Great enemies, a heavy atmosphere, a compelling soundtrack, and a fantastic understated story all come together to make Lost in Vivo a short but sweet experience that all psychological horror fans should play.

10. Knock Knock

Knock-Knock is a simple yet surreal horror game in which the player assumes the role of a lodger living alone in a forest hut. He is awakened each night by banging on his door and the conviction that something wants to harm him.
Who is this night disruptor and what do they want with the lodger?

That answer can only be found by uncovering clues and exploring the lodger’s history, which is a mystery all on its own.

During the night, your goal is to simply survive until daylight. Avoid the horrible creatures that stalk the randomly generated layout of the lodger’s hut, fixing lights to repel them or finding clocks to make the morning come faster. During the day, you explore the surrounding forest for clues.

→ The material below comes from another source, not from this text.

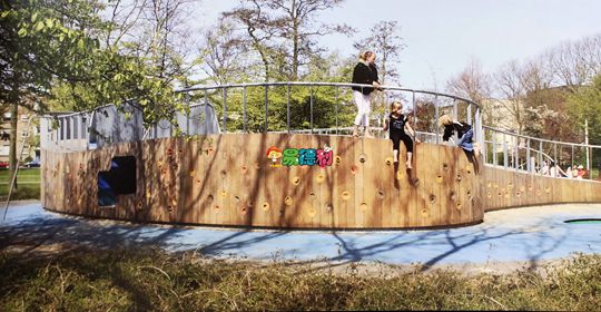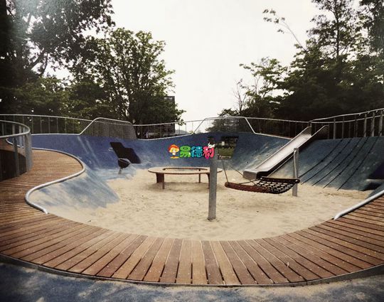 游樂場由上升的環形物體構成,不僅提供了曲線通向滑道,同時也構成了一個兩邊都可以攀爬的邊緣。垂直的外墻是由鉆有孔眼和圓形攀爬拉環的條形木塊構成。環形物體內部由藍色的波浪形斜坡和沙坑組成。這個區域的幾個通道為兒童提供玩耍和休息的空間,同時也為那些有缺陷的兒童提供了一個隱蔽的地方。用于攀爬的木墻適合每一個兒童,依靠自己的力量、采用不同的方式都有可能得到玩耍的機會。在環形物體周圍和上面都有寬闊的空間,適合一些積極的、重復移動的活動(轉彎、滑行、跳躍、搖擺),建造活動(沙子) 以及幻想游戲(隧道、平臺、遮蓋物) 等。

Knock Knock can get repetitive and has pacing issues (especially towards the end). Also, the randomly generated stages will probably have you cursing under your breath a few times. Thankfully, it keeps a short playtime with a narrative that’s genuinely gripping the whole way through.

Those were 10 indie-horror games that will make your skin crawl and your heart race. Indie devs often have the creative freedom to offer unique and terrifying horror games that you won’t find in your typical big-dev release. As horror game fans, we’re just happy there’s space and an audience for the type of weird and experimental experiences on this list alongside your Resident Evils and Dead Spaces.